Ma c’è di più: un governo che ad una interrogazione parlamentare inerente la vicenda Graziani risponde di non essere competente perché si tratta di un fatto locale (!). E ancora. Noi siamo convinti che gran parte degli appartenenti alle forze dell’ordine sia rispettosa delle norme costituzionali e dei doveri connessi alla loro funzione; ma non possiamo non constatare che ancora troppi sono gli episodi di violenza ingiustificata e arbitraria, da quelli collettivi (vanno ricordati i casi anche recenti vedi lo sciopero del 14 novembre in cui le forze dell’ordine hanno spesso «calcato la mano», anche se continuo a deprecare l’uso della violenza da parte di alcuni manifestanti) a quelli individuali (episodi anche recenti, di cui si è diffusamente occupata la stampa, come i pestaggi di cittadini inermi, gli «anomali» trattamenti riservati ad alcuni arrestati). Questo dimostra che è ancora insufficiente il livello di democratizzazione e di formazione all’interno di corpi che dovrebbero essere sempre e concretamente impegnati nella difesa della democrazia e della convivenza civile, nel profondo rispetto dei diritti del cittadino.
Insomma, un quadro insoddisfacente e preoccupante, contro il quale occorre reagire non solo episodicamente, ma in modo coordinato e diffuso, che riguardi i cittadini, le associazioni, i partiti, i movimenti, ma si riferisca anche alle istituzioni. Uno studioso ha scritto di recente un libro con un titolo significativo: «Italia: una nazione senza Stato», osservando che se si è ormai costruita l’anima (la Nazione) manca, tuttavia, un «corpo» che a quella corrisponda (cioè una Costituzione non solo fatta di intangibili principi ma applicata concretamente e rispettata, governi duraturi, Parlamento che funziona, leggi comprensibili e ispirate a interessi generali, strutture organizzative efficienti e imparziali, burocrazia non arcigna ma fatta per il cittadino, e così via).
Noi siamo d’accordo, in linea di principio, ma pensiamo che in materia di democrazia e di antifascismo ci sia bisogno di uno slancio salutare e innovativo sia per l’anima che per il corpo; ed a questo vogliamo contribuire con una grande campagna di massa per creare una vera cultura dell’antifascismo e della democrazia, per disperdere ogni vocazione autoritaria e populistica, per ricreare la fiducia reciproca fra cittadini e istituzioni.

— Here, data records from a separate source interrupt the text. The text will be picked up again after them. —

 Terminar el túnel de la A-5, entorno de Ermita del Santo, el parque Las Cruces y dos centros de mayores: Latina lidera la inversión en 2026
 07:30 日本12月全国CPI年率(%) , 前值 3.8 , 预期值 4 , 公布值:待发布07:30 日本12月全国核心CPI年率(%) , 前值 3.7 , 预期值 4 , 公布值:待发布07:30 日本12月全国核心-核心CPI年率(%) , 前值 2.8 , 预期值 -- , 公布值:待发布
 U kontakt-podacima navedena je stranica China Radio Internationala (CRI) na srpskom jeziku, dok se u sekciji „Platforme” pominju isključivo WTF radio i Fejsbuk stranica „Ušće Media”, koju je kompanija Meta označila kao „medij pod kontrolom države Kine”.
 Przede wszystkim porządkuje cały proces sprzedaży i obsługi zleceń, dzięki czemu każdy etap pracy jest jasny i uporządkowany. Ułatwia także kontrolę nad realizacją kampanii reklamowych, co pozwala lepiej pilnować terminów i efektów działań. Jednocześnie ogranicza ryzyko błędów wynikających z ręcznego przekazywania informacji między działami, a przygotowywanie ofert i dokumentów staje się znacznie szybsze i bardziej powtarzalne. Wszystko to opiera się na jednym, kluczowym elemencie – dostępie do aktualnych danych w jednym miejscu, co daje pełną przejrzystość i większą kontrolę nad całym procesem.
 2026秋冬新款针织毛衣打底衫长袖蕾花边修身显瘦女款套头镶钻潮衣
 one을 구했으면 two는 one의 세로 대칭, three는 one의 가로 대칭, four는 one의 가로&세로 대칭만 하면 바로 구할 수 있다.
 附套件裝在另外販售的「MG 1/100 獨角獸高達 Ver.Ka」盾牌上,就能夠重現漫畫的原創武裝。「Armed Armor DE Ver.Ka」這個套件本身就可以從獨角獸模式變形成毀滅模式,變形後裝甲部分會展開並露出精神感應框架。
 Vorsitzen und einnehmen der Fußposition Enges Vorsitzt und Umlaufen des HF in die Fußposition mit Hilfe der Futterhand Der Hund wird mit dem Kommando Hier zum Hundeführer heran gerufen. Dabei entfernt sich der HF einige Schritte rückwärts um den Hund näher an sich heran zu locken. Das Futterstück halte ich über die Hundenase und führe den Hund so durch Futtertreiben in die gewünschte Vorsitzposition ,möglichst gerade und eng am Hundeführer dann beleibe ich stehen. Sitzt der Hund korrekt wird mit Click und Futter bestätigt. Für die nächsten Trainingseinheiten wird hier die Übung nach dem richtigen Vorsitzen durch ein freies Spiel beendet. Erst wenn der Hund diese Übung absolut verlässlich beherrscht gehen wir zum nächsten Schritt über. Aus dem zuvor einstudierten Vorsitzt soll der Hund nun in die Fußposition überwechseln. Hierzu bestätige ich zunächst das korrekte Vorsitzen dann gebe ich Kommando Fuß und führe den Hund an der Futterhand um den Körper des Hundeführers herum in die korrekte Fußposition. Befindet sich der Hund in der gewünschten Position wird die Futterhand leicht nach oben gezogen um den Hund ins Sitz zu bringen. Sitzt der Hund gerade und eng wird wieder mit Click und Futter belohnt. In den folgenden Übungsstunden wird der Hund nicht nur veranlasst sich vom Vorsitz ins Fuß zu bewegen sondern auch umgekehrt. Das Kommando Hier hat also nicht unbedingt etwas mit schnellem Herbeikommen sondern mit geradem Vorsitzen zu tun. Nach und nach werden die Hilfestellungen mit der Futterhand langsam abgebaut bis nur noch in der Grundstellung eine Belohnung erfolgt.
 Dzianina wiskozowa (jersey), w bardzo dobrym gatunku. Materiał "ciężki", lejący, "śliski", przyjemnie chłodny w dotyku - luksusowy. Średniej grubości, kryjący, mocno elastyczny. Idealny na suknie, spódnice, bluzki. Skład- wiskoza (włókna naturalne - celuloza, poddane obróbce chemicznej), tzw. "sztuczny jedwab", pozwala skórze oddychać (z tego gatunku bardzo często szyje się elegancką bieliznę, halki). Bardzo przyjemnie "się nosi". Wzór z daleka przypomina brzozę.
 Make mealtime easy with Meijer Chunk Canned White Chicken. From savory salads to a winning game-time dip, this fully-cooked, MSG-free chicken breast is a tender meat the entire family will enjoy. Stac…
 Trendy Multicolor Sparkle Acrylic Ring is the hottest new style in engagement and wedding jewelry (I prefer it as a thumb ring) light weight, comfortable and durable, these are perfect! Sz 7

Di tutto questo parleremo in più di 100 piazze del Paese domani 18 novembre, Giornata Nazionale del tesseramento all’Anpi. Un momento per noi prezioso e importante per portare ossigeno e forza alla democrazia e all’antifascismo e per confrontarci con i cittadini su temi fondamentali per la stessa convivenza civile, individuando i modi e le vie per uscire da una crisi che non è solo economica ma anche politica e morale.